Горец. Вверх по течению - Старицкий Дмитрий
— У вас, Кобчик, действительно несколько отличный взгляд на мир, чем у нас, — задумчиво пробормотал полковник.
— Это потому, господин полковник, что я первый рецкий горец, которого вообще об этом спросили. И в этом заслуга инженер-майора Вахрумки. Если бы не он, то я до сих пор бы махал лопатой в стройбате. И был бы до сих пор неграмотен. Зачем грамота землекопу?
— Ну да… — задумался полковник.
— А еще просьбу можно? — спросил я. — Шкурную…
— Шкурную? — не понял полковник.
— Да, шкурную… для собственной шкуры, так сказать. Мне бы хотелось, господин полковник, выкупить с полигона кобылу по кличке Ласка. Привык я к ней… Да и жизнь она мне спасла.
— Думаю, это небольшая проблема, — обнадежил меня адъютант перед прощанием.
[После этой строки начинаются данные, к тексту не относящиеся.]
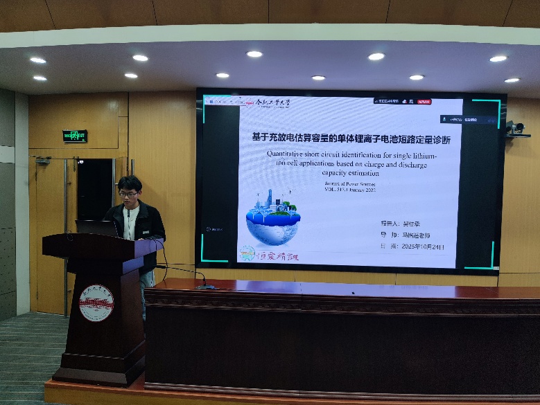 吴佳承同学分享的文献题目为“基于充放电估算容量的单体锂离子电池短路定量诊断”,微短路电池在充放电时存在容量估计的固有误差,本文提出了一种基于一阶RC等效电路模型,使用扩展卡尔曼滤波(EKF)算法高精度估计电池SOC的方法,并且采用增量SOC-容量法,分别在完整的充放电周期中估算电池容量,并且提供了充分的实验验证。
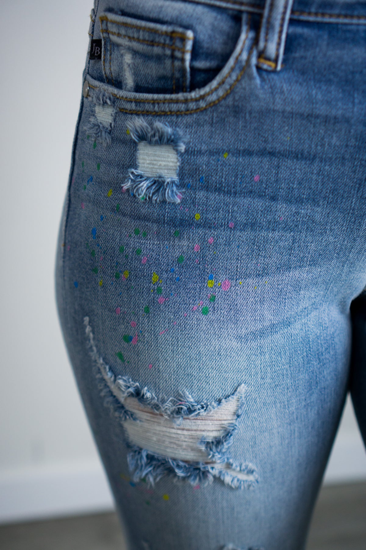 Judy Blue Rainbow Paint Splash Destroyed Boyfriend, Mid-Rise Light Wash Jeans (Style: 82245). Remember that boyfriend fit are meant to be more loose fitting. If you wish to have them more fitted, size down one.
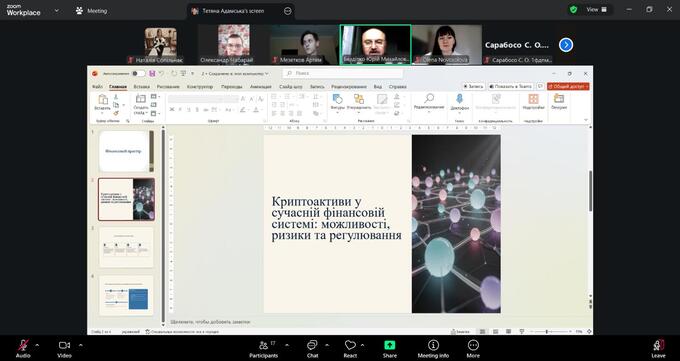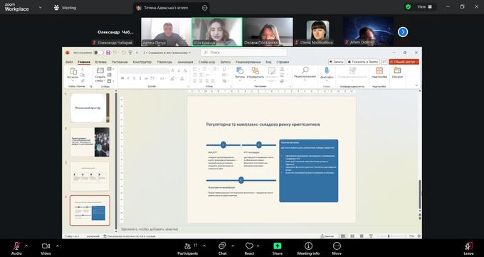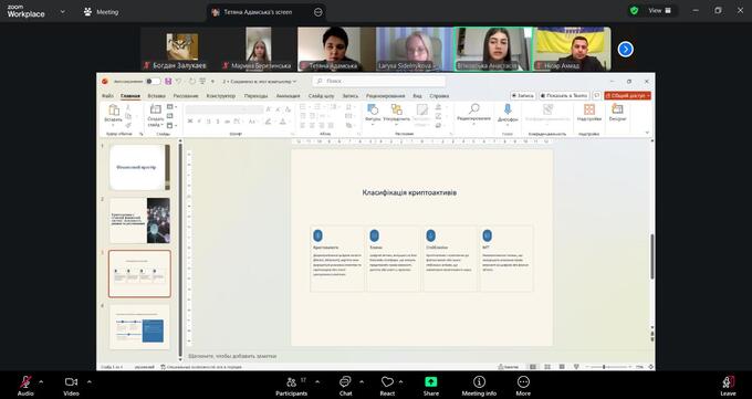 Особливу увагу було приділено теоретико-методичним аспектам класифікації криптоактивів (криптовалюти, токени, стейблкоїни, NFT) та відмінностям між криптоактивами як цифровими інструментами й традиційними фінансовими активами. Учасники розглянули, як формується вартість криптоактивів, які чинники впливають на ринкову динаміку, та чому управління ризиками є критично важливим для користувачів і фінансових інституцій.
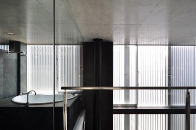 地下から屋上までつながるガラスの階段は、刻々と移動する太陽
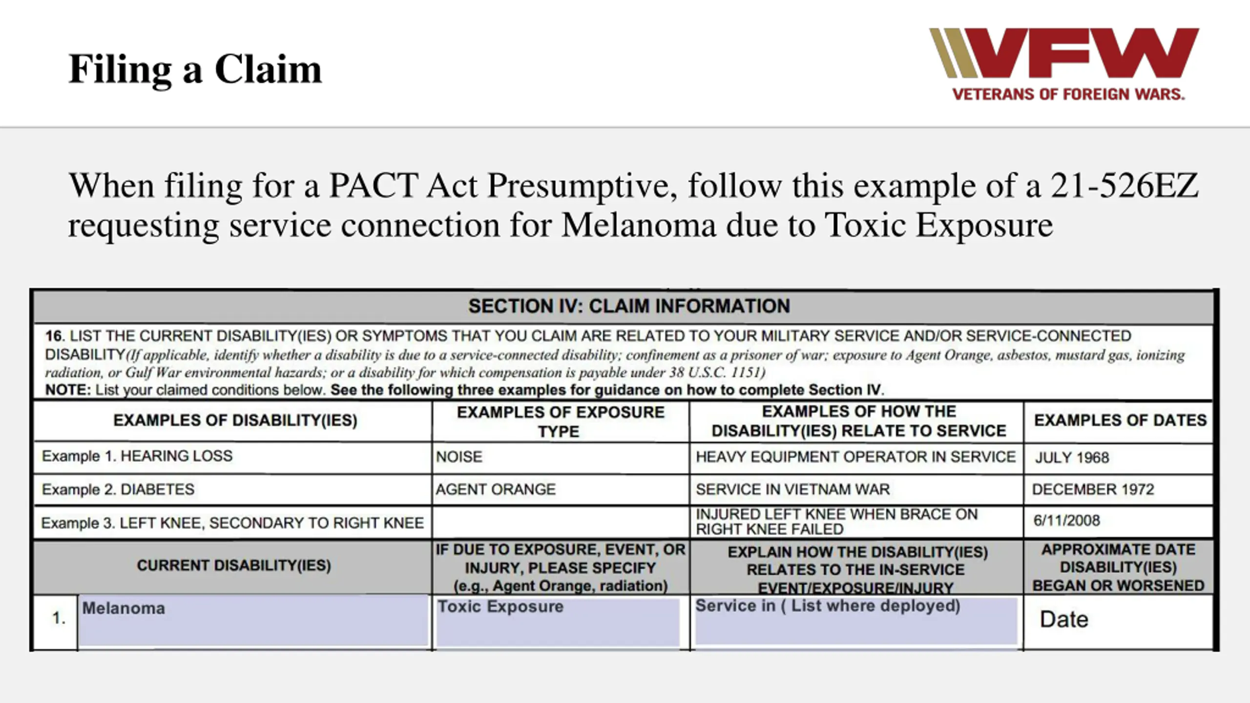 Filing a Claim When filing for a PACT Act Presumptive, follow this example of a 21-526EZ requesting service connection for Melanoma due to Toxic Exposure
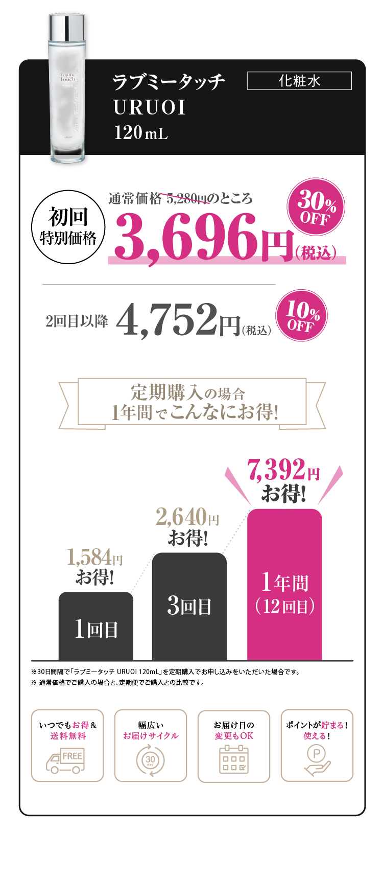 | 特徴 | 「ヒアルロン酸は肌に浸透しない」そんな常識を覆す、スーパー低分子ヒアルロン酸HA4を従来品の2倍配合。さらにハリ・年齢肌のケアに特化した機能性ペプチド10種や、うるおいを抱えて逃さない肌へ導く5種のヒト型セラミドも新たに配合。 大幅にパワーアップした”URUOI”で、うるおいに満ちたクリアな肌印象へ。 |
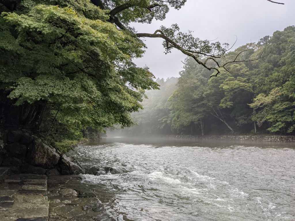 五十鈴川の支流の島地川に架かる風日祈宮橋を渡る時、
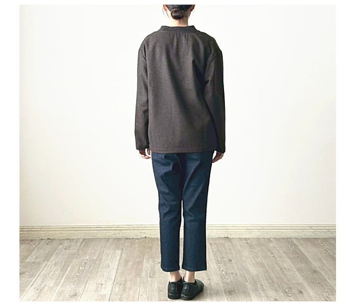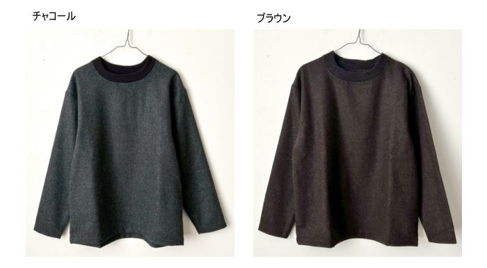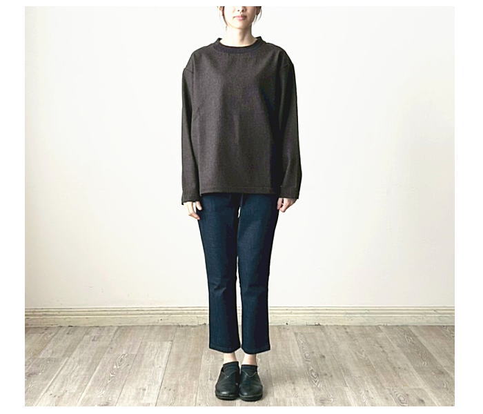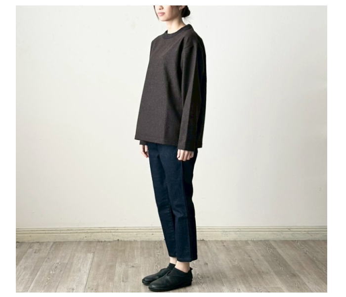 同色系カラーのリブを使用しています。一枚着はもちろん、重ね着にも向いて
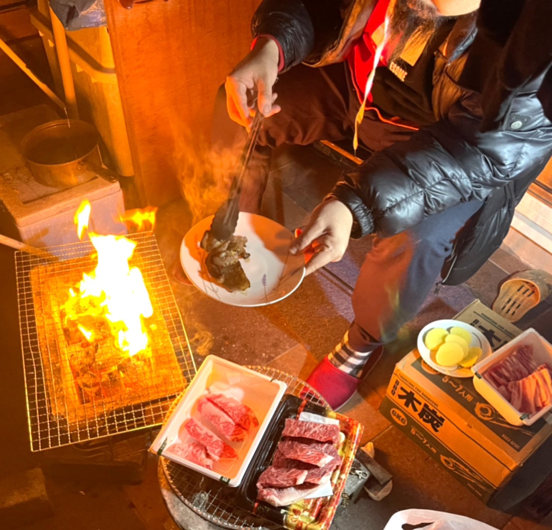 七輪で九🧔に焼いてもらって
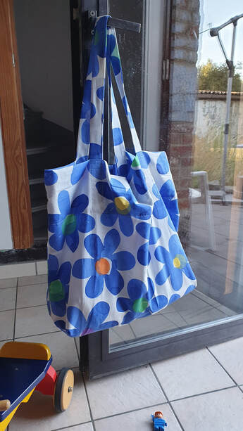 Un grand sac, nommé BICHETTE, facile à réaliser, réversible à souhait, à trimbaler partout, de l’école au boulot, en passant par la plage ou le marché.
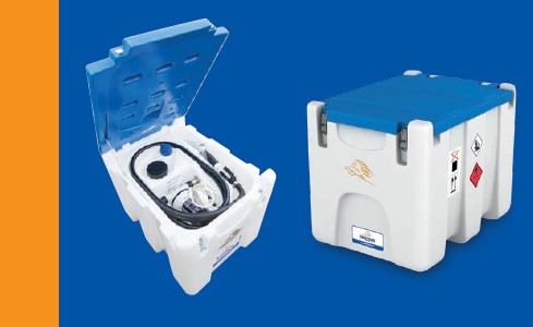 The Blue TruckMaster BTM53 DEF Storage System transports DEF efficiently and safely. Easily lift by lifting eyes or by forklift. Internal baffle wall reduces liquid movement during transportation. Lockable lid prevents unauthorized access. Fully integrated 12V DC pump, 19′ 8″ power cable with battery clamps, 12′ flexible delivery hose and automatic nozzle.
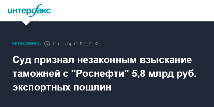 Суд признал незаконным взыскание таможней с "Роснефти" 5,8 млрд руб. экспортных пошлин
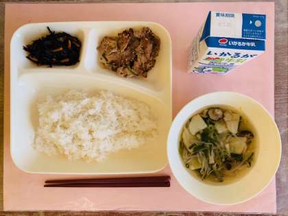 【ごはん、豚肉のごまだれ焼き、五目汁、ひじきのいため煮、牛乳】
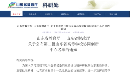 2017年10月13日,山东省教育厅、山东省财政厅联合公布第二批山东省高等学校协同创新中心名单,“山东省新旧动能转换与政府财力配置协同创新中心”成功入选培育建设的第二批山东省高等学校协同创新中心名单,其依托单位之一为“淮海财金研究院”主办单位济宁市人民政府。
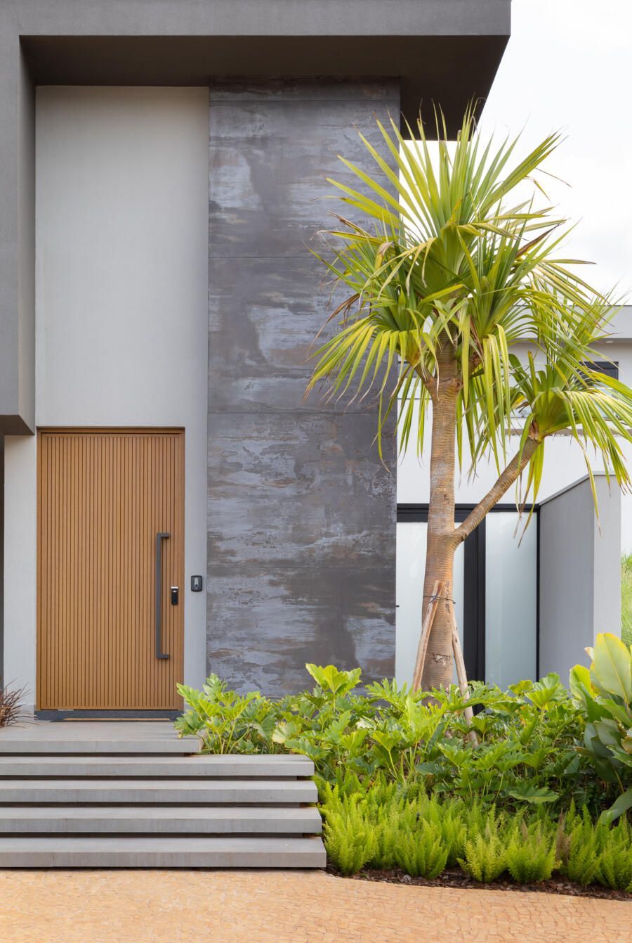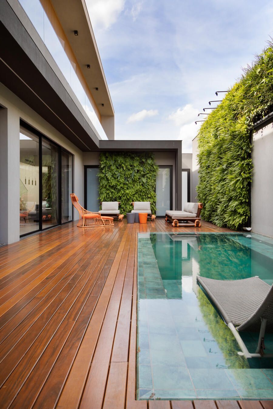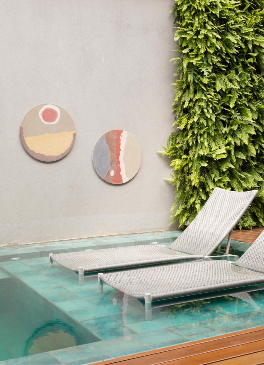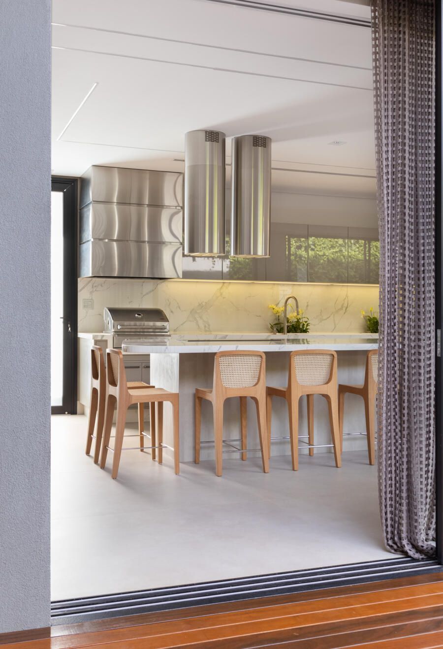 “Por esta razão, posicionei a área de lazer externa, incluindo a piscina, do lado esquerdo do terreno e projetei a casa voltada para ela. Além disso, quando estão abertos, os brises tornam cada varanda privativa.”
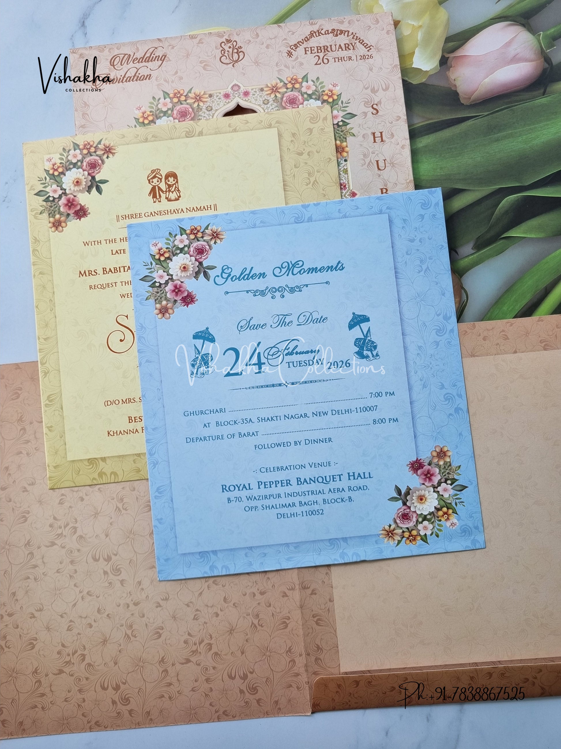 Vishakha Collections presents you beautiful luxury wedding invitation cards with all latest designs and the latest variety. Its just not a wedding invitation card but a beautiful feeling of love and relationship it carries for you. Beautifully printed and packed with a bundle of love. if you like it, dont think again, just go for it.If you are worrying about the quality of the product, send your doubts to us. We are here to help you. If you want in wholesale or bulk, dont forget to contact us.

Я задумчиво смотрел вслед группе офицеров, которые неторопливо шли по рыжей дорожке толченого кирпича по направлению к замку кронпринца и что-то оживленно обсуждали. Наверное, меня. Странное это чувство — находиться в центре внимания больших начальников. Неуютное.
Скорее бы кончалась эта чужая для меня война.
Уйду на дембель.
Сяду у себя на горе — красиво у нас там, и буду ковать то, что людям потребно.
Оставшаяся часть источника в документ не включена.